Oxford University Police

Oxford University Police

The Oxford University Police, or Oxford University Constables (popularly known as Bulldogs), was the private police force of the University of Oxford between 1829 and 2003. They carried warrant cards and were empowered to act as police officers within the University precincts and within areas of Oxford within four miles of any University building. As of 2001 the force existed as a private constabulary (a non-Home Office police force) with 40 sworn constables. They were widely recognised for the bowler hats which formed part of their uniform, and formerly had the duty of patrolling outside the Examination Schools alongside the University Proctors, the officials responsible for discipline in the University. They were abolished by the University Council in 2003.


The University Police was originally established as a result of an Act of Parliament in 1825, making it among the oldest police forces in the United Kingdom.
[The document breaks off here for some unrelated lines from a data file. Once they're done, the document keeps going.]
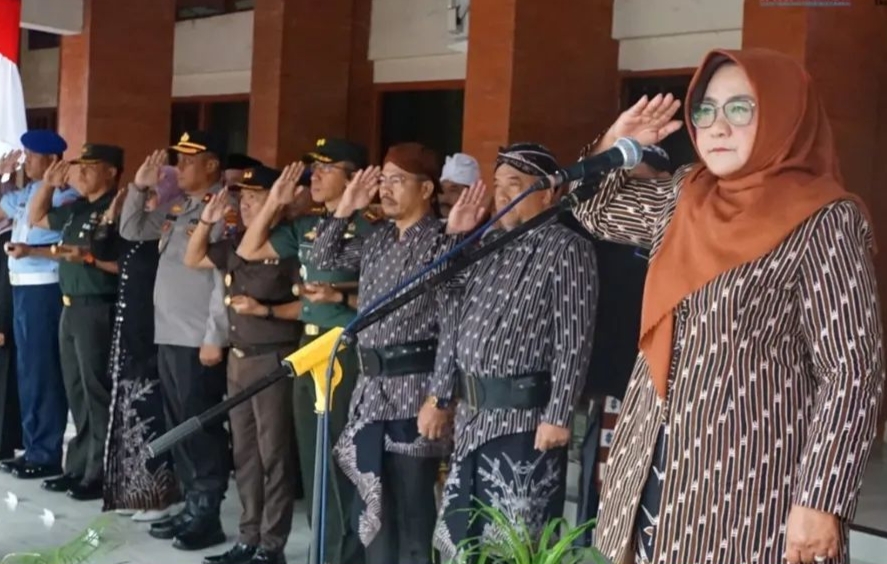 Dengan penuh khidmat, Bupati Nanik Sumantri menyampaikan sambutan Menpora yang mengajak generasi muda menyalakan semangat persatuan, kerja keras, dan kejujuran di tengah tantangan zaman yang berat.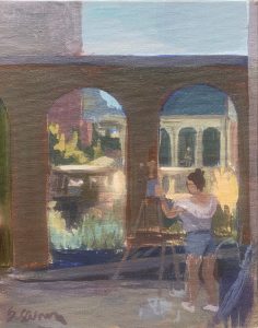 Artist Eleanor Alison painting plein air at Paint Out Elsing Hall Gardens, Norfolk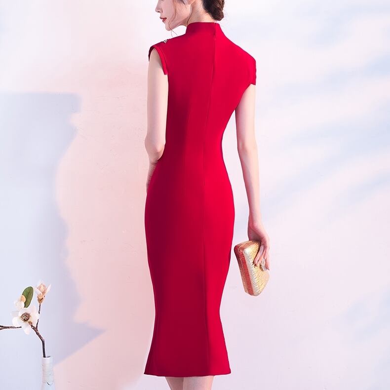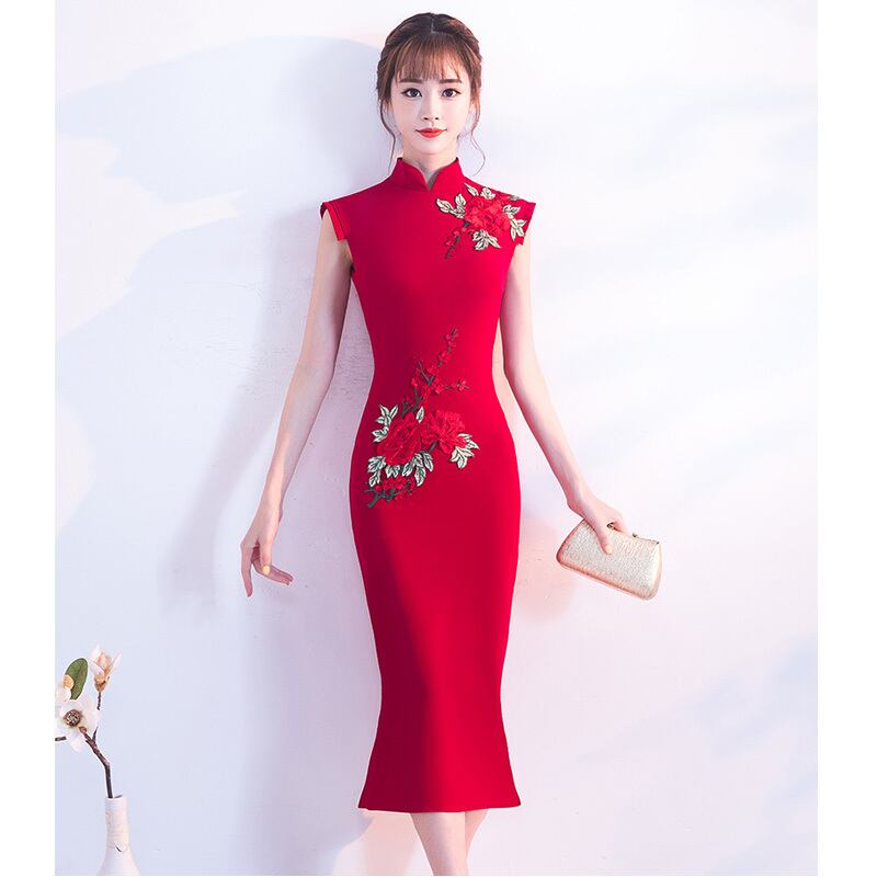 ☆SALE☆ 披露宴 お呼ばれ パーティードレス ノースリーブ ひざ下 赤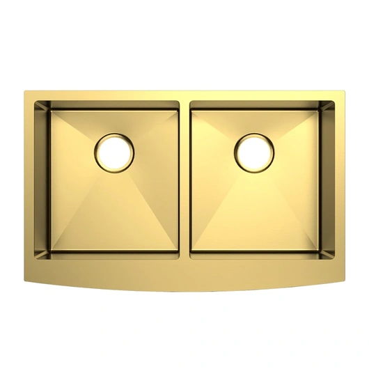 ساحة المزرعة الأمامية الذهب وعاء مزدوج بالوعة المطبخ الفولاذ المقاوم للصدأ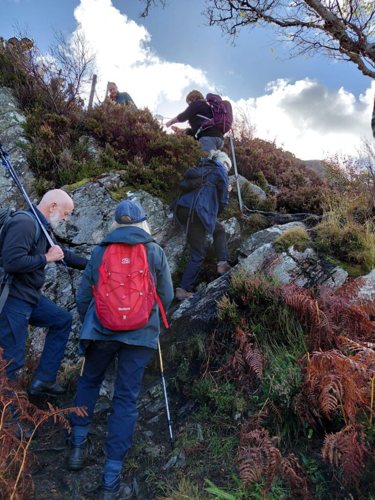 Despite a turn in the weather, the walkers set out once more for a full day ashore – taking a circular walk to explore the geological wonders at Knockan Crag and the views from the summit, followed by a second opportunity later in the morning to climb to the Bone Caves for a picnic – the caves providing welcome shelter from the forecast rain which finally came in over lunch.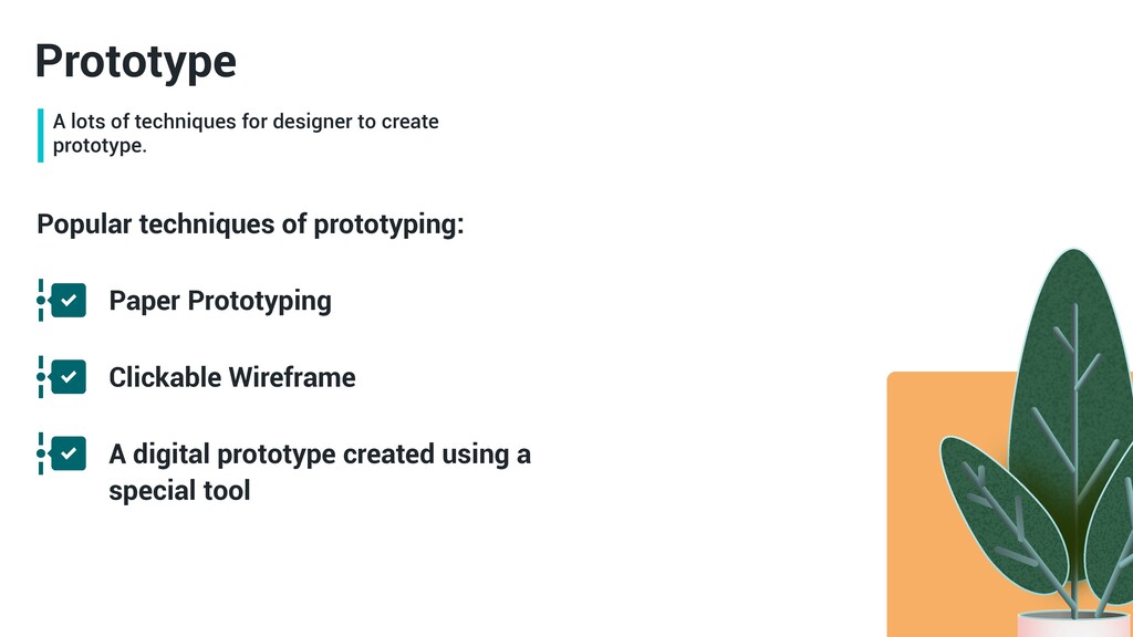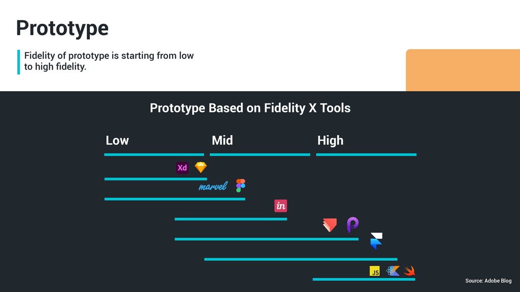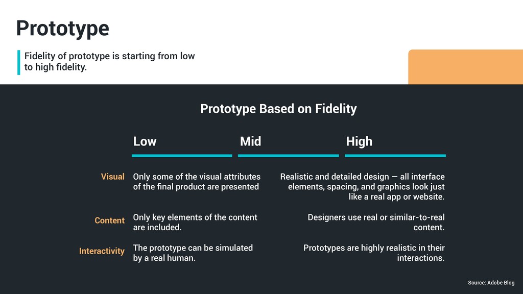 Prototype Prototype Based on Fidelity Low Visual Content Interactivity Mid High Only some of the visual attributes of the final product are presented Only key elements of the content are included. Realistic and detailed design — all interface elements, spacing, and graphics look just like a real app or website. Designers use real or similar-to-real content. Prototypes are highly realistic in their interactions. The prototype can be simulated by a real human. Source: Adobe Blog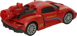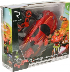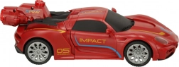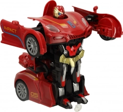 D’une simple pression sur un bouton, la voiture rouge se transforme en robot prêt à relever tous les défis.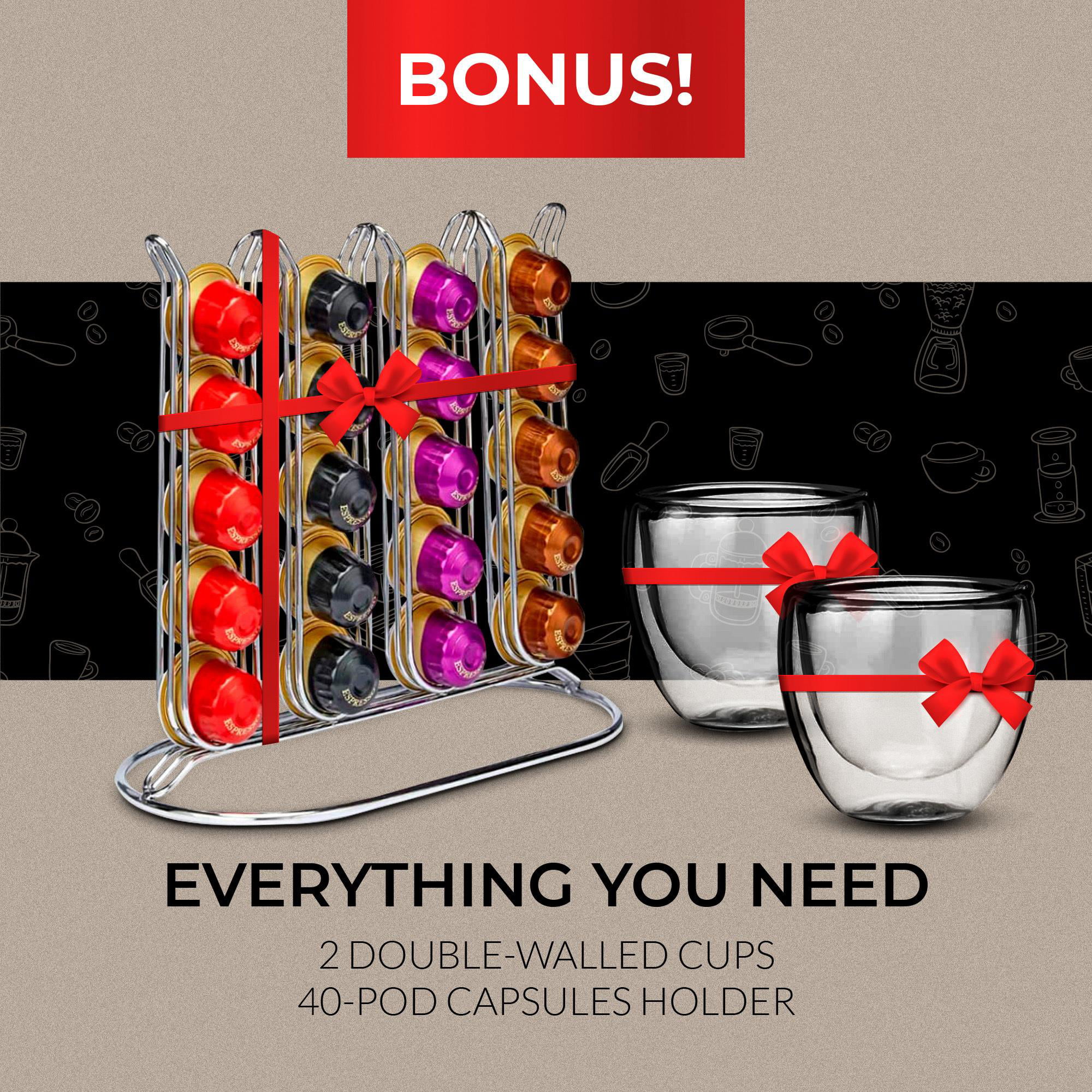 ChefWave Espresso Machine for Nespresso Capsules (Black) with Holder and Cups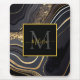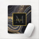 Modern Black and Gold Marbled Monogram Mouse Pad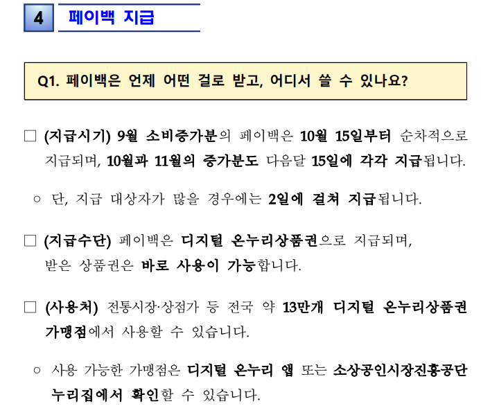 - 상생페이백은 9~11월 카드 사용 증가분의 20%를 돌려주는 제도다.

In 1829, the same year that the Metropolitan Police Service was established by then-Home Secretary Sir Robert Peel, the Vice-Chancellor of Oxford University signed the "Plan for the Establishment of an Efficient University Police", formalising the powers and duties of the University Constables. They were supervised by the University Proctors, and had disciplinary powers over students.

Until the end of the Second World War, the Constables were considered to be in loco parentis with regard to students of the University, giving them broad disciplinary powers to enforce University rules and regulations.

In 2002, a group of local traders in Oxford wrote to Evan Harris, a local Member of Parliament, requesting the removal of the police powers of the Constables over citizens who were not members of the University. They argued that the Constables were "not accountable to any public authority" and described their role as an "anachronism".

After a policy review by the University Council in 2003, the University Police was disbanded when it was decided that it would be too expensive to bring the force up to the required standard of training and implement a multi-tiered complaints procedure.

The circa 40 members of the force were redesignated "Proctors Officers". In recognition of the force's "extraordinary role over almost 180 years" (according to the Senior Proctor), the Constables were not merged with the University's Department of Security Services, but remained under the control of the Proctors. According to the Chancellors' 2003 annual report, these members can still carry out 95% of the duties without constabulary powers.